**Instructions for the task**
The entries below are to be given back exactly, with images excluded.
%%
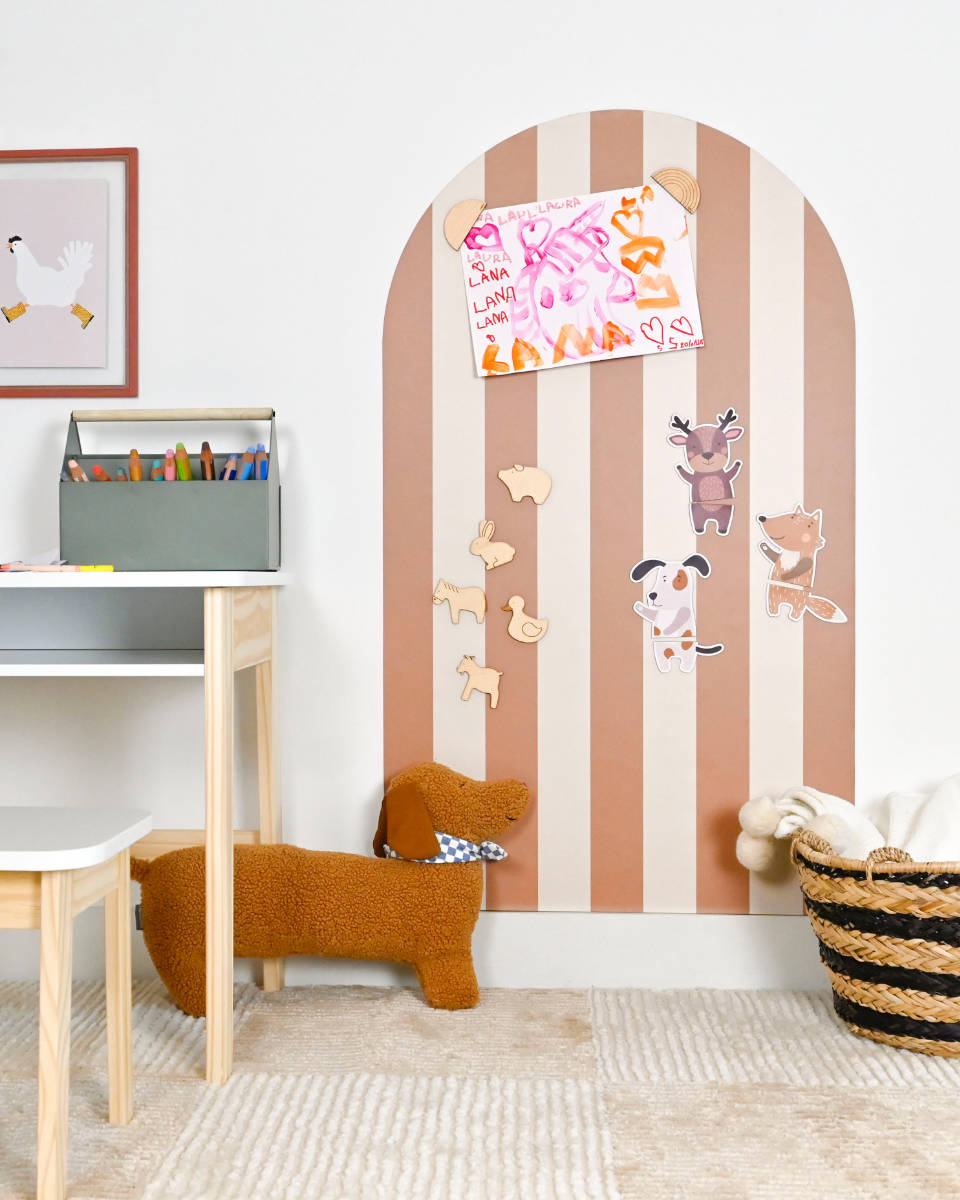 Mit der Ferflex Magnetischen Tafel in Bogenform, gestreift erhältst du eine moderne, dekorative und äußerst praktische Lösung für deine Wände. Die weiche Bogenform und das dezente Streifenmuster verleihen jedem Raum – ob Küche, Flur, Kinderzimmer, Büro oder Schlafzimmer – einen besonderen Akzent.
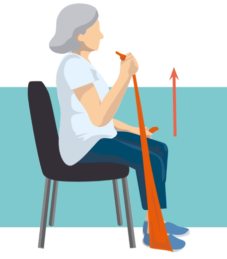 - Keep your elbows at your sides and your wrists straight. Bend your right elbow and bring your hand to your right shoulder, without taking your back off the backrest.
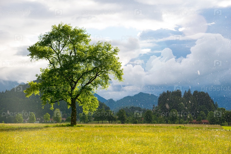 Дерево под дождем в солнечном свете
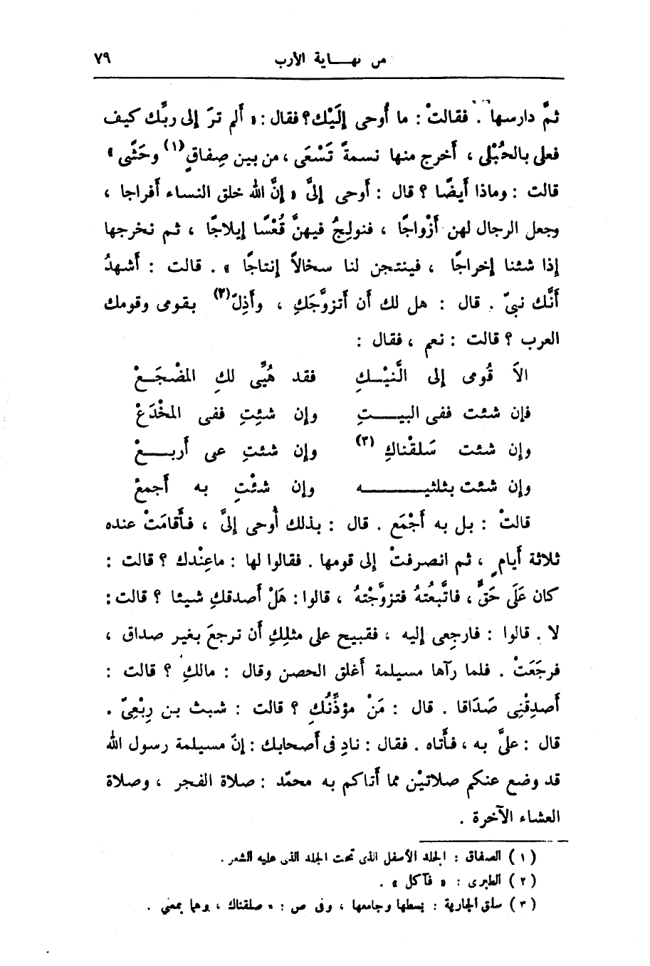 ثمّ دارسها. فقالت: ما أوحى إليك؟ فقال: «ألم تر إلى ربّك كيف فعلى بالحبلى، أخرج منها نسمة تسعى، من بين صفاق [1] وحشى» قالت: وماذا أيضا؟ قال: أوحى إلىّ «إنّ الله خلق النساء أفراجا، وجعل الرجال لهن أزواجا، فنولج فيهنّ قعسا إيلاجا، ثم نخرجها إذا شئنا إخراجا، فينتجن لنا سخالا إنتاجا» . قالت: أشهد أنّك نبىّ. قال: هل لك أن أتزوّجك، وأذلّ [2] بقومى وقومك العرب؟ قالت: نعم، فقال:
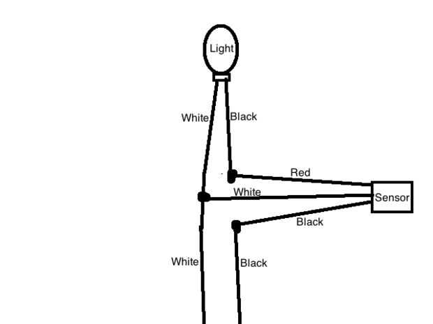 he comprado un sensor de la fotocélula en eBay después de aprender Lowes, Home Depot, y Walmart eran fuera de stock en ellos o no llevarlos. No hay problema, pensé, 3 cables y si vienen con instrucciones. Llegó, pero no instrucciones excepto en el pequeño plástico parte (ver segunda foto). NO soy electricista, pero generalmente puede manejar proyectos fácil. Si tiene 2 cables, debería ser fácil, pero con 3... es un problema. Fui en línea a instructables, Youtube y otros sitios. Aunque no pude encontrar nada que lo que necesitaba, reunir lo suficiente para intentarlo. Aquí está mi esquema (tercera foto) y las instrucciones:
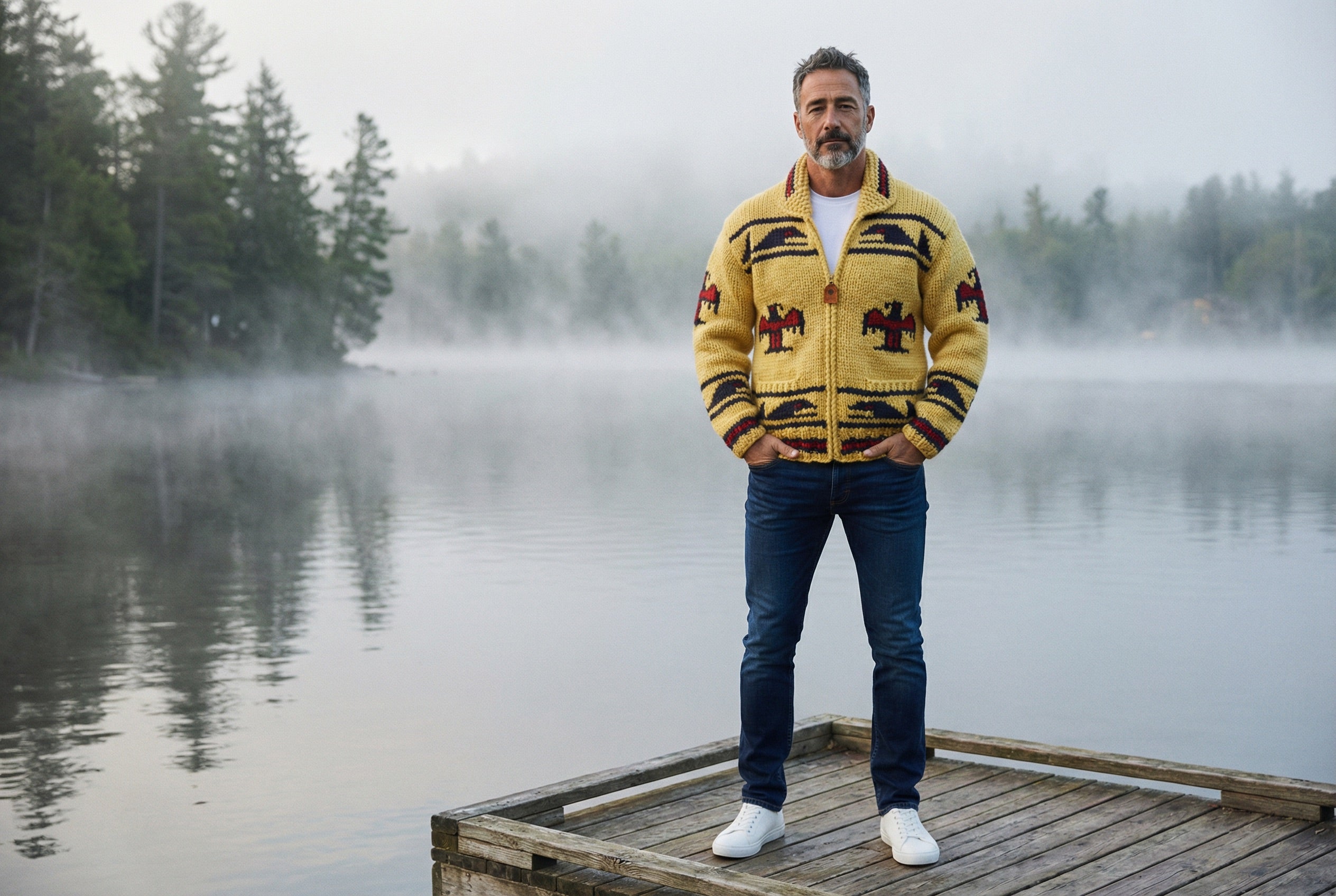 Since the Late 1800's the First Nations Peoples of Vancouver Island, B.C., Canada have been knitting their famed woolen sweaters. The unique designed of these garments evolved from their culture, myth, heritage and have an everlasting appeal. The ownership of these garments has became a prized possession. Since our beginning in 1977 we have worked with these age old designs and continued to develop new ones always with the historical significance in mind. Our philosophy is to keep our designs unique following our tradition and heritage and to make quality garments using natural fibers that will withstand the test of time.
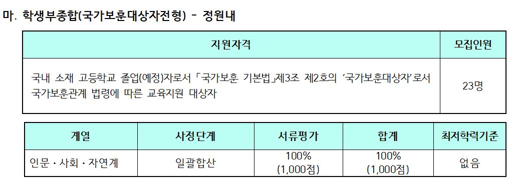 학생부종합(국가보훈대상자전형)에서는 23명을 모집할 예정이며, 서류평가 100%로 학생을 모집합니다.
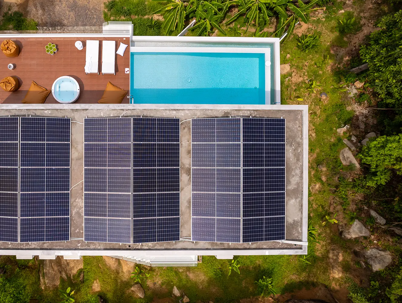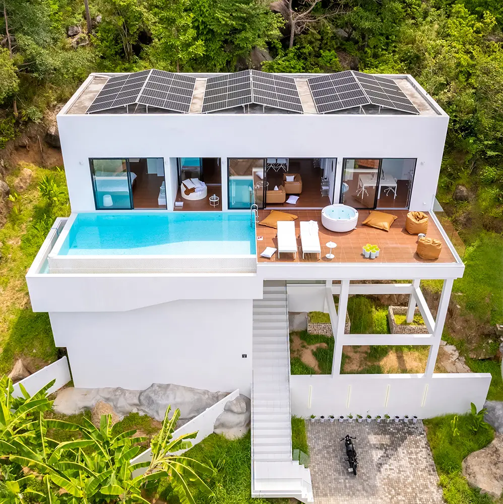 Privately positioned at the end of a quiet road in Chaweng Noi, this contemporary villa was thoughtfully designed and constructed by the owner for personal use — reflecting a deep commitment to smart living, environmental self-sufficiency, and architectural precision.
%%
**Answer for the task**
 Mit der Ferflex Magnetischen Tafel in Bogenform, gestreift erhältst du eine moderne, dekorative und äußerst praktische Lösung für deine Wände. Die weiche Bogenform und das dezente Streifenmuster verleihen jedem Raum – ob Küche, Flur, Kinderzimmer, Büro oder Schlafzimmer – einen besonderen Akzent.
 - Keep your elbows at your sides and your wrists straight. Bend your right elbow and bring your hand to your right shoulder, without taking your back off the backrest.
 Дерево под дождем в солнечном свете
 ثمّ دارسها. فقالت: ما أوحى إليك؟ فقال: «ألم تر إلى ربّك كيف فعلى بالحبلى، أخرج منها نسمة تسعى، من بين صفاق [1] وحشى» قالت: وماذا أيضا؟ قال: أوحى إلىّ «إنّ الله خلق النساء أفراجا، وجعل الرجال لهن أزواجا، فنولج فيهنّ قعسا إيلاجا، ثم نخرجها إذا شئنا إخراجا، فينتجن لنا سخالا إنتاجا» . قالت: أشهد أنّك نبىّ. قال: هل لك أن أتزوّجك، وأذلّ [2] بقومى وقومك العرب؟ قالت: نعم، فقال:
 he comprado un sensor de la fotocélula en eBay después de aprender Lowes, Home Depot, y Walmart eran fuera de stock en ellos o no llevarlos. No hay problema, pensé, 3 cables y si vienen con instrucciones. Llegó, pero no instrucciones excepto en el pequeño plástico parte (ver segunda foto). NO soy electricista, pero generalmente puede manejar proyectos fácil. Si tiene 2 cables, debería ser fácil, pero con 3... es un problema. Fui en línea a instructables, Youtube y otros sitios. Aunque no pude encontrar nada que lo que necesitaba, reunir lo suficiente para intentarlo. Aquí está mi esquema (tercera foto) y las instrucciones:
 Since the Late 1800's the First Nations Peoples of Vancouver Island, B.C., Canada have been knitting their famed woolen sweaters. The unique designed of these garments evolved from their culture, myth, heritage and have an everlasting appeal. The ownership of these garments has became a prized possession. Since our beginning in 1977 we have worked with these age old designs and continued to develop new ones always with the historical significance in mind. Our philosophy is to keep our designs unique following our tradition and heritage and to make quality garments using natural fibers that will withstand the test of time.
 학생부종합(국가보훈대상자전형)에서는 23명을 모집할 예정이며, 서류평가 100%로 학생을 모집합니다.
 Privately positioned at the end of a quiet road in Chaweng Noi, this contemporary villa was thoughtfully designed and constructed by the owner for personal use — reflecting a deep commitment to smart living, environmental self-sufficiency, and architectural precision.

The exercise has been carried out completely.